Pada bulan November 2023, Persyarikatan Muhammadiyah mencapai usia 111 tahun. Hingga kini, persyarikatan yang didirikan oleh KH Ahmad Dahlan tersebut telah melalui berbagai tantangan dan rintangan. Entitas yang mengusung dakwah berkemajuan itu terus mengisisejarah Republik Indonesia, sejak era kolonial, revolusi, dan periode-periode kepemimpinan presiden Republik Indonesia.
Pada masa Orde Lama, Muhammadiyah sempat ‘berjarak’ dengan penguasa. Ceritanya bermula dari Partai Majelis Syuro Muslimin Indonesia (Masyumi), yang di dalamnya Muhammadiyah menjadi salah satu unsur utama.

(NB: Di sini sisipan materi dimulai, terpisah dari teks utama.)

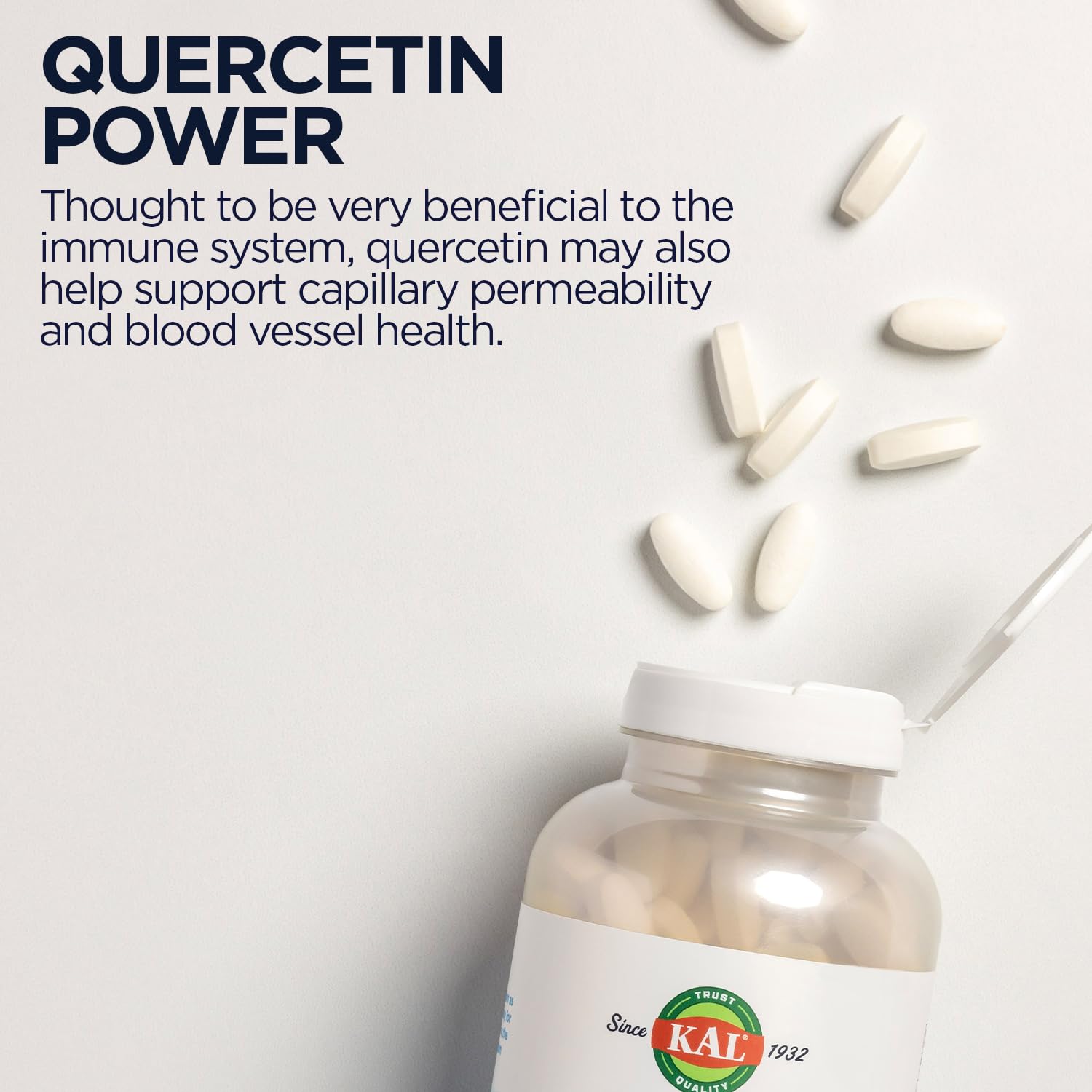 - Quercetin Supplement ? A non-citrus bioflavonoid, quercetin is not produced in the body and must be obtained through supplementation or from the diet. KAL Quercetin provides 1000 mg per tablet.

Berbicara tentang Majelis Syuro Muslimin Indonesia (Masyumi), tidak lepas dari dinamika politik sejak medio tahun 1950-an. Kala itu, kekuasaan politik di Indonesia kian terpusat pada sosok Presiden Soekarno. Pada 1 Desember 1956, Bung Hatta meletakkan jabatan wakil presiden. Mundurnya negarawan berdarah Minang itu disebabkan adanya perbedaan yang prinsipil di antara kedua sosok Dwi-Tunggal tersebut.
Hatta tidak sependapat dengan Bung Karno bahwa revolusi belum selesai. Retorika tersebut justru menimbulkan kesan tidak sejalan dengan pembangunan. Dalam hemat Bung Hatta, revolusi sudah selesai dengan tercapainya kemerdekaan Republik Indonesia. Pendapat lain mengatakan, Bung Hatta mundur karena merasa dalam sistem kabinet parlementer pemeritahan, Presiden hanya bertugas sebagai kepala negara. Maka, fungsi Wakil Presiden otomatis tidak diperlukan lagi.
Mundurnya Bung Hatta membuat “girang dan riang” para politikus partai komunis. Dalam Pemilu tahun 1955, Partai Komunis Indonesia (PKI) menduduki posisi ke-4 terbesar. Di urutan pertama hingga ketiga, ada PNI, Masyumi, dan Partai Nahdlatul Ulama.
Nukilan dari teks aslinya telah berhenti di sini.